§ HOW TO COMPLETE THIS TASK
From the line with "アレンジの奥の方で重なっている葉っぱをカットして、 テープやワイヤーを隠します |" through the line with "First wash and", repeat the entries verbatim, both end lines included, and add nothing.

RECORDED INFORMATION START

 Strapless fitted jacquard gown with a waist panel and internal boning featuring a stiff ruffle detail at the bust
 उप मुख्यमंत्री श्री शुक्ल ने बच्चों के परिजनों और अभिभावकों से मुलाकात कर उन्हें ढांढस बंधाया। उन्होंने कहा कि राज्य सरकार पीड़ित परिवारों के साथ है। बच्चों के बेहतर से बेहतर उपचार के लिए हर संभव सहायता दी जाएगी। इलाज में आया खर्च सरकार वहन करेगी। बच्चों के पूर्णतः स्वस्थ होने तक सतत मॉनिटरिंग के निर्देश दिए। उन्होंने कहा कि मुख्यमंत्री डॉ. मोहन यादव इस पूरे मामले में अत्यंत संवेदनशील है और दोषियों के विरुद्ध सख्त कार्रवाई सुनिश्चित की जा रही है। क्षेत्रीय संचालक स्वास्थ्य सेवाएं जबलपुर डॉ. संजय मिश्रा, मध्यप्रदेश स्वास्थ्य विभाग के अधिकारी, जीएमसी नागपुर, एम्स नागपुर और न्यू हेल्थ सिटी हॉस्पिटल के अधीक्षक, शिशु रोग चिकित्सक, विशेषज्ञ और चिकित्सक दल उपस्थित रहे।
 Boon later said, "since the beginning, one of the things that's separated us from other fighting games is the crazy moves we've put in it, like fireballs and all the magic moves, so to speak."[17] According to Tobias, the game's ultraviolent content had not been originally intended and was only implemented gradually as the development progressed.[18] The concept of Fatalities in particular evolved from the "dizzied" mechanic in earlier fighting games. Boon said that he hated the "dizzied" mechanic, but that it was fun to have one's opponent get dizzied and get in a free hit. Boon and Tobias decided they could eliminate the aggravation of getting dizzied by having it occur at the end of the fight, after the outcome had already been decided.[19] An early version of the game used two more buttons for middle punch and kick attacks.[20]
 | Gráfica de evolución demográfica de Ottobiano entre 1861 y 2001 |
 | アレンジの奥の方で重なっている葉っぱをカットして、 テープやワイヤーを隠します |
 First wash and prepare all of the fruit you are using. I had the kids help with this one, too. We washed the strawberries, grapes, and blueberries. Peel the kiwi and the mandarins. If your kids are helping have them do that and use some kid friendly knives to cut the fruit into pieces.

RECORDED INFORMATION END
RECORDED INFORMATION START

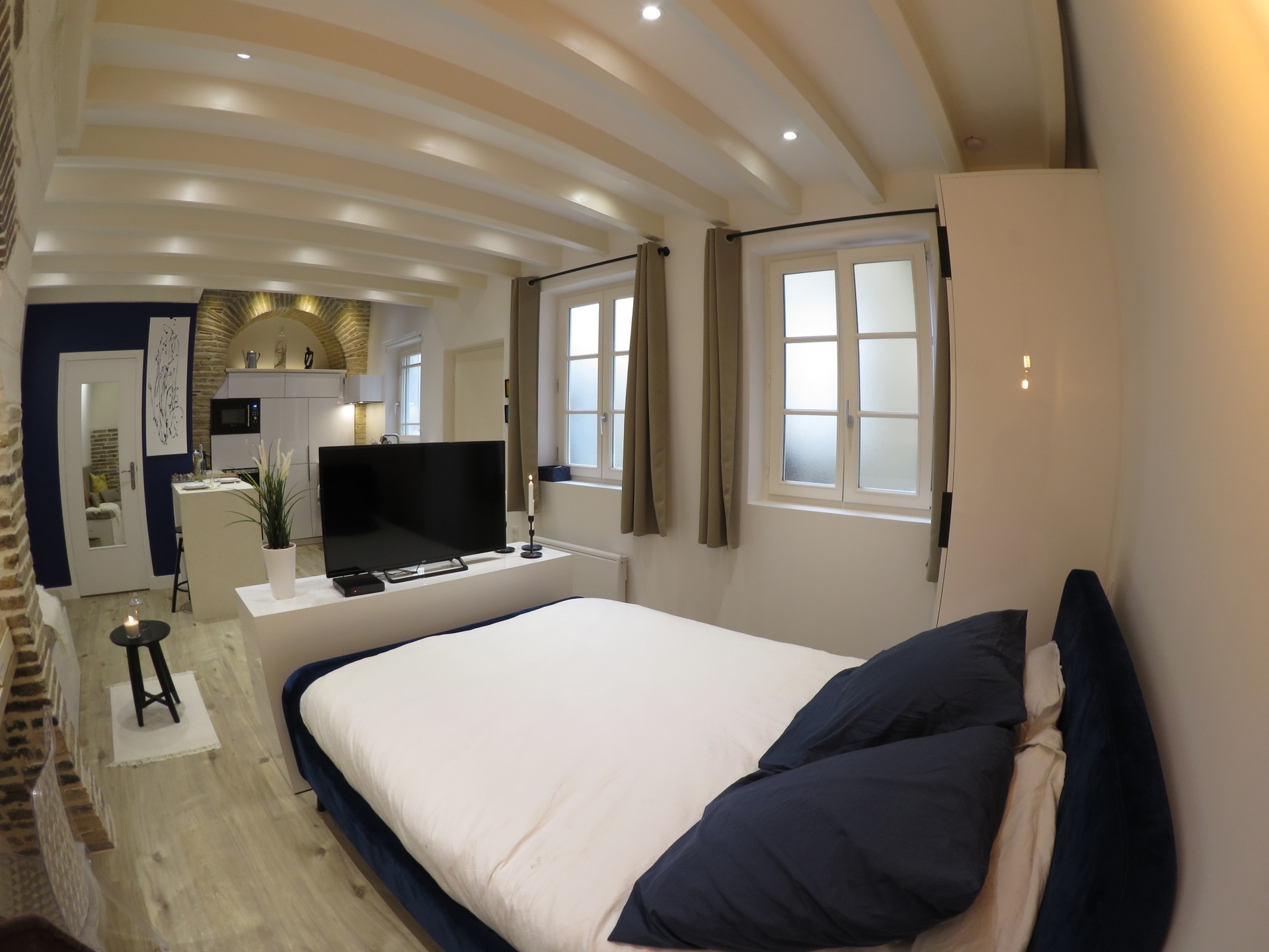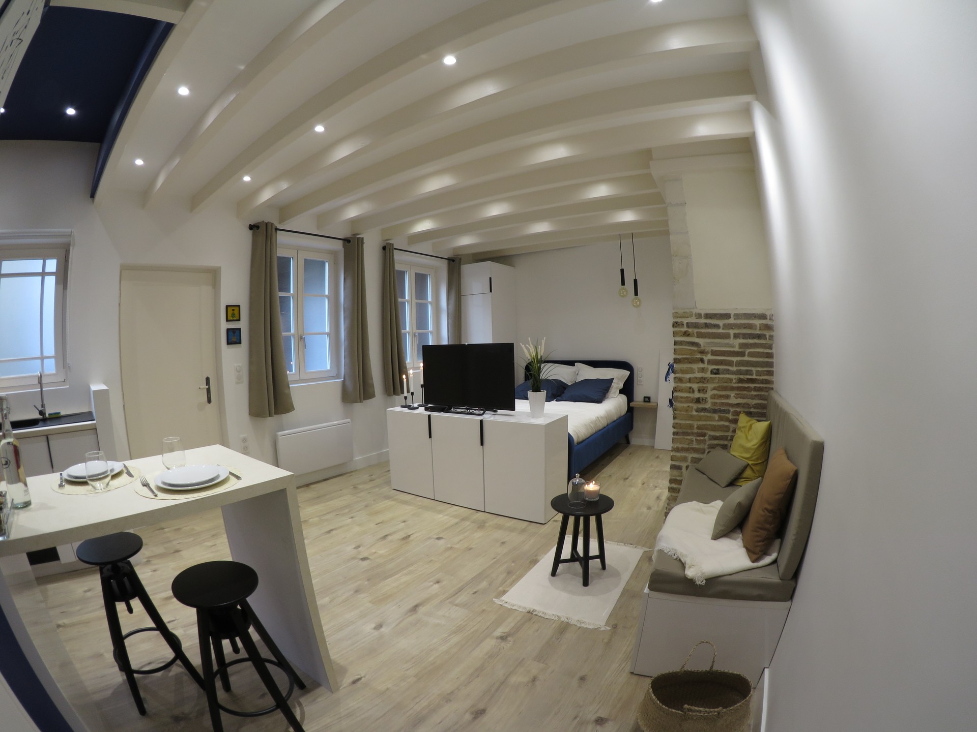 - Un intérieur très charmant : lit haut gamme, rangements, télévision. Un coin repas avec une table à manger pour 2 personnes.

RECORDED INFORMATION END

§ WRITTEN SOLUTION
 | アレンジの奥の方で重なっている葉っぱをカットして、 テープやワイヤーを隠します |
 First wash and prepare all of the fruit you are using. I had the kids help with this one, too. We washed the strawberries, grapes, and blueberries. Peel the kiwi and the mandarins. If your kids are helping have them do that and use some kid friendly knives to cut the fruit into pieces.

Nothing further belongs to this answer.